Regression - Predicting How Much or How Many
At the start of this series on AI for business leaders, I shared that AI can solve five broad categories of problem. In the first three articles, I helped establish a foundation of understanding for us to be able to now explore the first problem category “How much or how many”.
In Machine Learning (ML), the question of "How much or how many?" is called Regression Analysis. Regression Analysis or Regression, as it is more commonly known, is taken from the mathematical field of Statistical Modelling. Statistical Modelling provides much of the theory upon which ML Regression algorithms e.g. Linear Regression are based, however statistical modelling focusses on inference (the relationship between variables) whereas ML focusses more on predictions (outcomes). This distinction between Statistical Modelling and Regression is a gross simplification, but useful for those readers wondering what's the key difference between historical approaches to prediction and those provided by ML. If you are interested to understand the similarities and differences more deeply, this article provides a good summary.
Let’s now look at two simple but useful examples that can be solved using regression techniques. You should then be able to draw parallels within your own organisation and start to explore how ML can be used to solve your "How much or how many" problems.
Regression for Sales Price Prediction
Regression modelling can be highly effective at predicting the sales price in a free market. Estimating the actual sale price provides the seller with an objective measure of value before a house is sold. It also helps the selling agent curate a sales and marketing strategy to maximise the sale value. For those readers who have either bought or sold property, you know that the decision to buy is complex. We consider variables such as size, number of rooms, number of bathrooms, whether it has a garage, the property type and of course location. Location is often one of the most important features as it captures proximity to schools, public transport and shops.

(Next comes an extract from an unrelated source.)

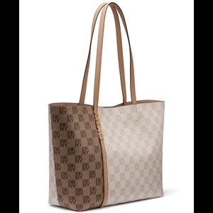 Elegant og stilfuld shopper fra DKNY med det ikoniske monogram. Tasken har et rummeligt hovedrum med lynlåslukning og en praktisk lille lynlåslomme til dine mindre ejendele. De fine brune stropper og bund skaber en sofistikeret kontrast, mens den iøjnefaldende kædedetalje tilføjer et strejf af luksus. Perfekt til både arbejde og fritid – en tidløs taske, der kombinerer funktionalitet med elegance.

Regression models are not limited to just the properties of the house, they can also take into account environmental parameters (e.g weather, consumer confidence indices or pandemic alert levels) each of which can have a significant impact on the sale price. Being able to predict the impact of these variables in advance allows a seller to make changes such as choosing a suitable day for an auction, renovating or converting a storage room into an additional bathroom.
Regression for Demand Forecasting
Another type of “How much” problem is demand forecasting. All businesses sell products and services with sales that vary over time. For some businesses, such as e-commerce, media streaming and passenger airlines these variations can be significant. Accurate sales forecasting can help organisations set better sales targets, prices and prepare resources to meet demand. When the problem you are trying to solve involves predicting a variable that changes over time (sales in our case), it's called Time Series forecasting. When using ML to solve Time Series problems, we first build a model (brain) based on historical sales data and then use the model to predict into the future.